Bezant Resources Plc

("Bezant" or the "Company")

 

Proposed Grant of an Option for the Disposal of Asean Copper Investments Limited and Notice of General Meeting

 

Highlights:

 

·; Option agreement entered into for the disposal of Asean Copper Investments Limited ("Asean") to Gold Fields Netherlands Services BV ("Gold Fields") (the "Option Agreement").

·; Summary terms of the Option Agreement:

o Non-refundable, upfront cash payment of US$7 million

o A further cash sum of US$63 million is payable, on exercise of the option, to acquire the entire issued share capital of Asean

o The option may be exercised by Gold Fields at any time until 31 January 2013

·; The proposed transaction, which is unanimously recommended by the Bezant board, is subject to the approval of Bezant shareholders at a General Meeting to be held at 10.00 a.m. on 26 October 2011.

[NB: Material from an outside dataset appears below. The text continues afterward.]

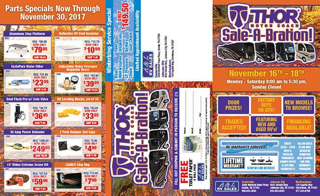 Tri-Fold Direct Mail piece promoting a Tennessee RV Company, A&L RV.

·; In the event that the option is exercised and the sale of Asean is completed, Bezant currently intends to apply the net sale proceeds as follows:

o a proportion will be retained to fund the ongoing work programme and further development of the Company's Eureka Project in Argentina, to investigate the potential acquisition of additional attractive mineral projects and for general working capital purposes; and

o the balance returned to Bezant shareholders.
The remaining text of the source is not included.